**Task**
Copy out each line containing "Bildungsangebots" from the entries below.

[Recorded data]

******

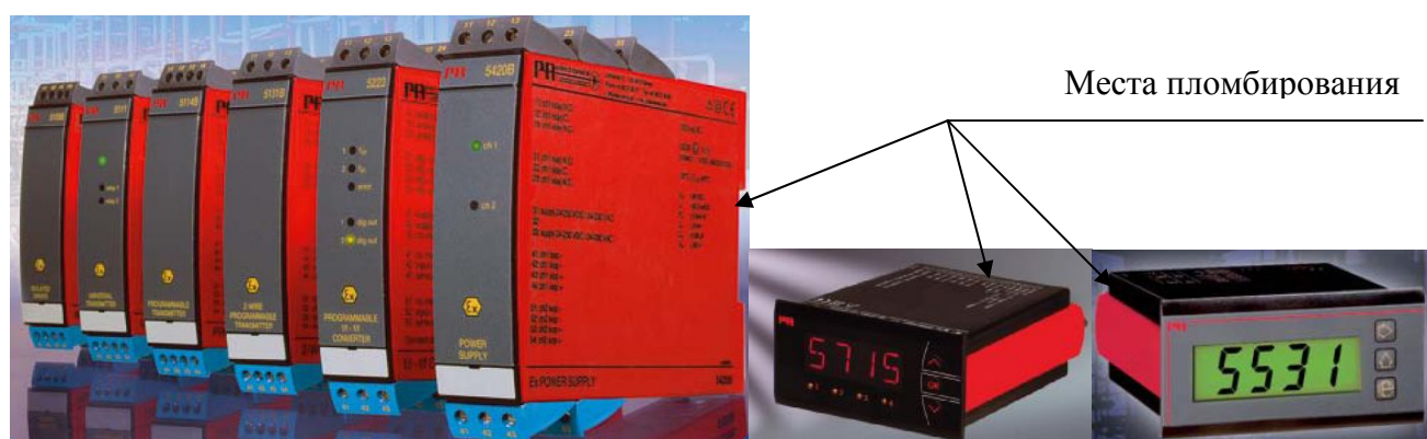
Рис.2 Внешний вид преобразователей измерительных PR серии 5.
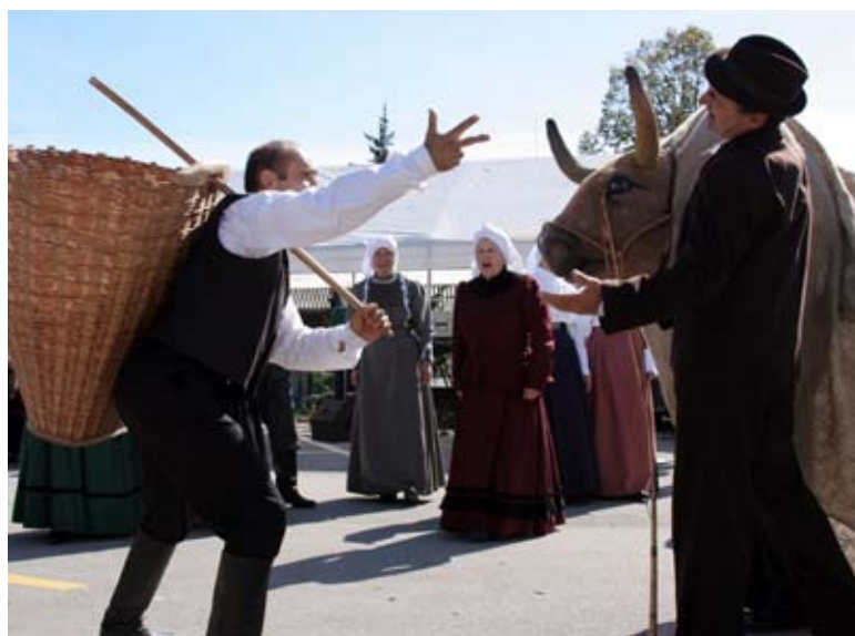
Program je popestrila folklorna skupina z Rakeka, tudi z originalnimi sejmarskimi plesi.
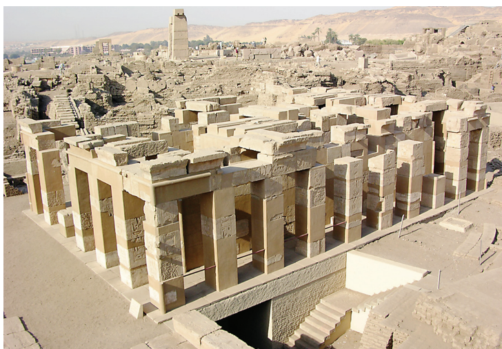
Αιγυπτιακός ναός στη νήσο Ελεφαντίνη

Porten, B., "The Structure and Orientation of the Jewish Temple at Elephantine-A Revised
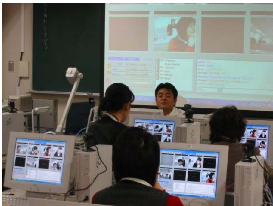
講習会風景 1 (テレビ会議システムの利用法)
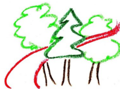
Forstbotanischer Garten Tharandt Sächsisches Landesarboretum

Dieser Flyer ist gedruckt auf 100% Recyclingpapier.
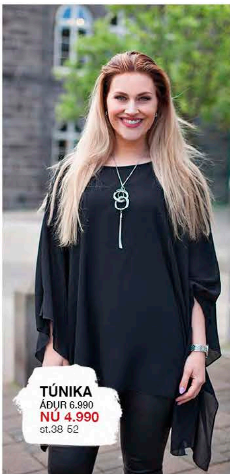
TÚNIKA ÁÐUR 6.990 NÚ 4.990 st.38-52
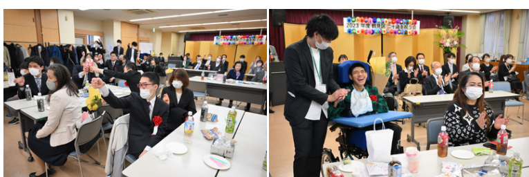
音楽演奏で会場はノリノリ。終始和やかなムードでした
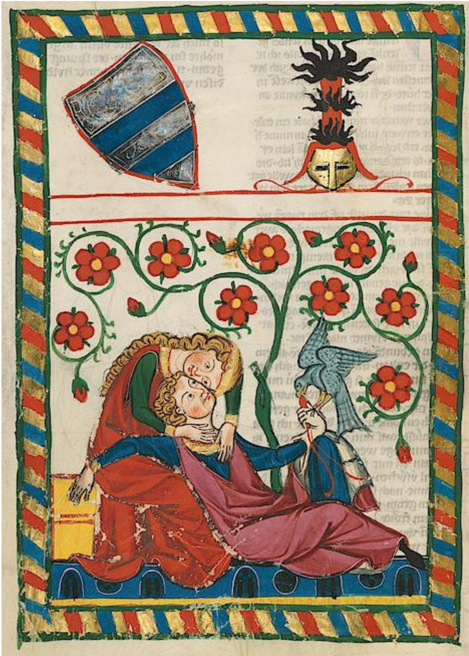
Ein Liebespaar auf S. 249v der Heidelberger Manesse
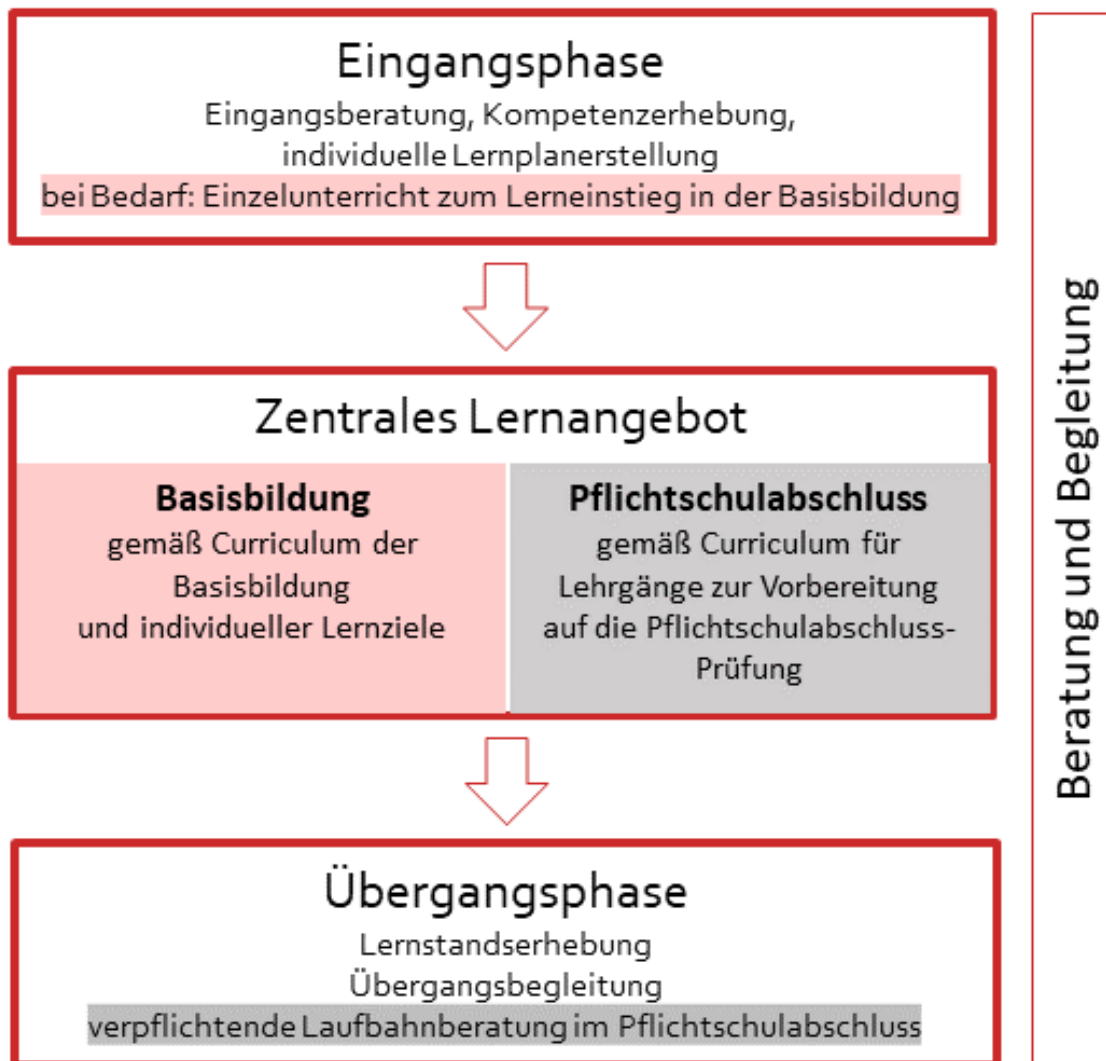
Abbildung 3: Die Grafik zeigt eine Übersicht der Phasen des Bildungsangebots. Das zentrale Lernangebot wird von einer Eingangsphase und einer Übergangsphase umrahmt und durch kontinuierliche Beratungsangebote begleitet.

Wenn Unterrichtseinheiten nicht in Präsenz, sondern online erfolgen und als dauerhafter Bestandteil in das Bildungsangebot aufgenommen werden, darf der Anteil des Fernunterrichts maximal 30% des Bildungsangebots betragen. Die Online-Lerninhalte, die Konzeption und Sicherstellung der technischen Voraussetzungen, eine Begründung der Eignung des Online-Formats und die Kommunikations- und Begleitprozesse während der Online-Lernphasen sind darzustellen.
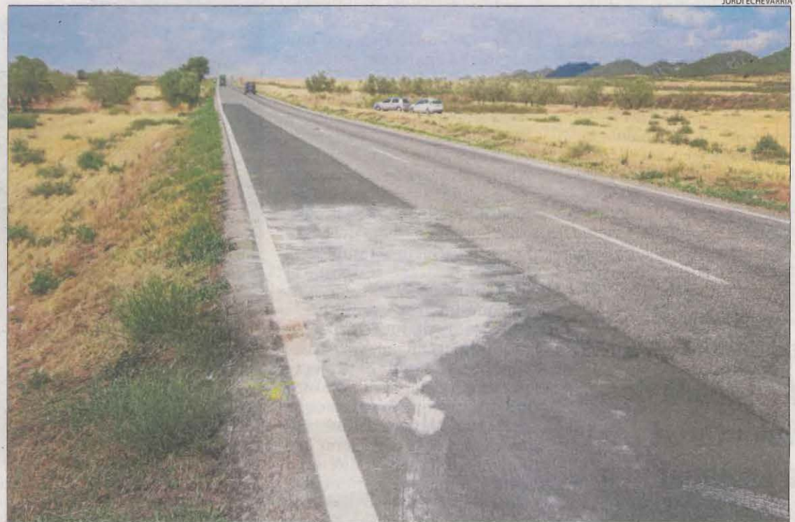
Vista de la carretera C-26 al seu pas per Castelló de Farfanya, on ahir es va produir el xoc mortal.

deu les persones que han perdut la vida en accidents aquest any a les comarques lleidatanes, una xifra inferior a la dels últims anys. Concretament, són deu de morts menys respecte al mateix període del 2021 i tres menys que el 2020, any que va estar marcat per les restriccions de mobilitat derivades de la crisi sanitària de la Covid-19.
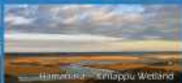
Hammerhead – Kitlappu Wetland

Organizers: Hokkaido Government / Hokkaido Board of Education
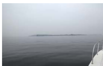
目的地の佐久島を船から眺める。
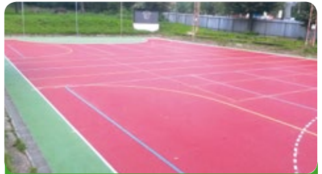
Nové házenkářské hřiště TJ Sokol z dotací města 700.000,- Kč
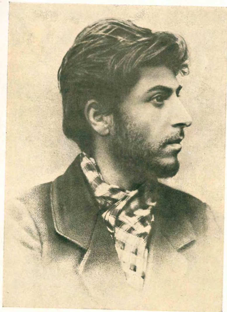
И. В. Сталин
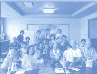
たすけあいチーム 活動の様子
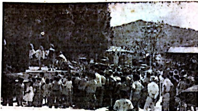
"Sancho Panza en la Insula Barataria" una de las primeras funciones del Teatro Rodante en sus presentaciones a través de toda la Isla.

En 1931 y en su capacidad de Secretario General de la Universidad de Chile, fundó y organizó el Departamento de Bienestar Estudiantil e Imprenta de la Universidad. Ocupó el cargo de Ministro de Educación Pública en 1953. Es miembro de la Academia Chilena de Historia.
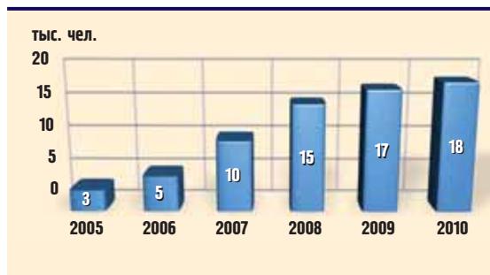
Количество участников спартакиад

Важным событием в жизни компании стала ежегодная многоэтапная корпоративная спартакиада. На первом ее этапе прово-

******

**Solution for this exercise**
Abbildung 3: Die Grafik zeigt eine Übersicht der Phasen des Bildungsangebots. Das zentrale Lernangebot wird von einer Eingangsphase und einer Übergangsphase umrahmt und durch kontinuierliche Beratungsangebote begleitet.
Wenn Unterrichtseinheiten nicht in Präsenz, sondern online erfolgen und als dauerhafter Bestandteil in das Bildungsangebot aufgenommen werden, darf der Anteil des Fernunterrichts maximal 30% des Bildungsangebots betragen. Die Online-Lerninhalte, die Konzeption und Sicherstellung der technischen Voraussetzungen, eine Begründung der Eignung des Online-Formats und die Kommunikations- und Begleitprozesse während der Online-Lernphasen sind darzustellen.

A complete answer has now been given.